Presented at the Neonatal Society 2013 Spring Meeting.
Parkinson JRC1, Vasu V2, Hyde MJ1, Fitz-Simon N1, Thomas EL3, Bell JD3, Modi N1
1 Section of Neonatal Medicine, Chelsea and Westminster Campus, Imperial College London, UK
2 Department of Child Health, William Harvey Hospital, Ashford, Kent, UK
3 Metabolic and Molecular Imaging Group, Hammersmith Hospital, Imperial College London, UK
Background: In adults, there is a positive association between intrahepatocellular lipid (IHCL) and internal abdominal adipose tissue (IAAT) (1), with both depots linked to insulin resistance and type 2 diabetes (2, 3). Previous work from our group has shown elevated levels of both IHCL and IAAT in ex-preterm adults (4). However, the relationship between IHCL and IAAT in preterm infants is unknown. The aim of this study was to describe the relationship between IHCL and total/regional AT depots in preterm infants at term age.

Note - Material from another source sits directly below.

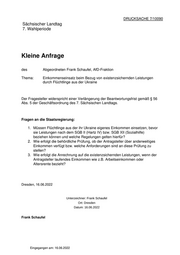 DRUCKSACHE 7/10090 Sächsischer Landtag 7. Wahlperiode Kleine Anfrage des Abgeordneten Frank Schaufel, AfD-Fraktion Thema: Einkommenseinsatz beim Bezug von existenzsichernden Leistungen durch Flüchtlinge aus der Ukraine Der Fragesteller widerspricht einer Verlängerung der Beantwortungsfrist gemäß § 56 Abs. 5 der Geschäftsordnung des 7. Sächsischen Landtags. Fragen an die Staatsregierung: 1. Müssen Flüchtlinge aus der ihr Ukraine eigenes Einkommen einsetzen, bevor sie Leistungen nach dem SGB II (Hartz IV) bzw. SGB XII (Sozialhilfe) beziehen können und welche Regelungen gelten hierfür? 2. Wie erfolgt die behördliche Prüfung, ob der Antragsteller über anderweitiges Einkommen verfügt bzw. welche Anforderungen sind an diese Prüfung zu stellen? 3. Wie erfolgt die Anrechnung auf die existenzsichernden Leistungen, wenn der Antragsteller laufendes Einkommen wie z.B. Arbeitseinkommen oder Altersrente bezieht? Dresden, 16.06.2022 Unterzeichner: Frank Schaufel Ort: Dresden Datum: 16.06.2022 Frank Schaufel Eingegangen am: 16.06.2022

Methods: We utilised data from two research ethic approved studies. Preterm infants (<32 weeks GA at birth) underwent whole body magnetic resonance (MR) imaging and 1H MR spectroscopy of the liver at term age according to a previously described and established protocol (1). Total and regional AT volumes were calculated by Vardis (http://vardisgroup.com) using a thresholding technique. IHCL values were adjusted for T1 & T2 effects using hepatic water as an internal standard (4). IHCL data was log transformed for analysis and linear regression performed in SPSS 20, adjusting for GA at scan.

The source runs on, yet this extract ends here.